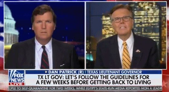 現年69歲的美國得克薩斯州副州長丹·帕特里克(Dan Patrick)。當地時間3月23日晚,帕特里克接受美國福克斯新聞採訪,他表示包括自己在內的很多年長者會為年輕人做出犧牲,以拯救美國經濟。
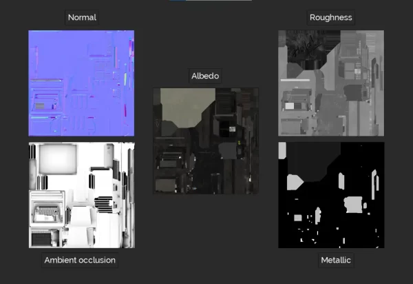 纹理贴图:Diffuse, Specular, Metallic,Normals.AO
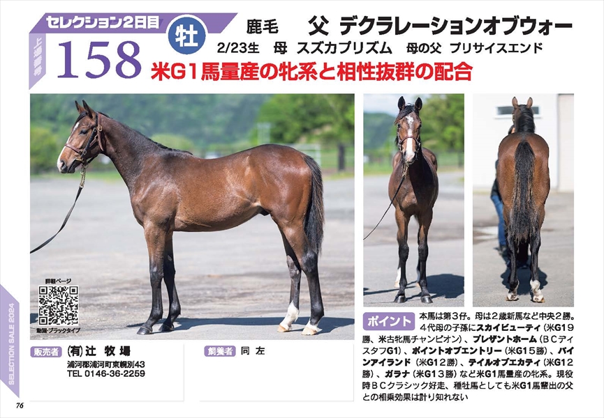 スズカプリズム2023 セレクション パンフレット PRページはこちら 性別 牡 生月日 2/23 毛色 鹿 父 デクラレーションオブウォー 母 スズカプリズム 母父 プリサイスエンド 販売者 (有)辻牧場 セレクションセール上場番号 No.158 ブラックタイプ ブラックタイプはこちら(HBA様ページにジャンプします) 動画
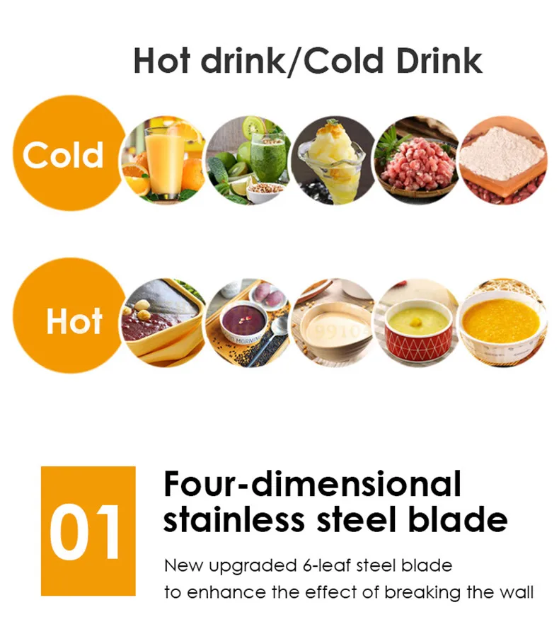 48000 об/мин, высокая мощность 1500 Вт, высокоскоростное разбивание и разбивание стены, высвобождение питательных веществ в пище;

* _Task instructions_:
Repeat the listing word for word, but without its pictures.

* _Your response_:
 現年69歲的美國得克薩斯州副州長丹·帕特里克(Dan Patrick)。當地時間3月23日晚,帕特里克接受美國福克斯新聞採訪,他表示包括自己在內的很多年長者會為年輕人做出犧牲,以拯救美國經濟。
 纹理贴图:Diffuse, Specular, Metallic,Normals.AO
 スズカプリズム2023 セレクション パンフレット PRページはこちら 性別 牡 生月日 2/23 毛色 鹿 父 デクラレーションオブウォー 母 スズカプリズム 母父 プリサイスエンド 販売者 (有)辻牧場 セレクションセール上場番号 No.158 ブラックタイプ ブラックタイプはこちら(HBA様ページにジャンプします) 動画
 48000 об/мин, высокая мощность 1500 Вт, высокоскоростное разбивание и разбивание стены, высвобождение питательных веществ в пище;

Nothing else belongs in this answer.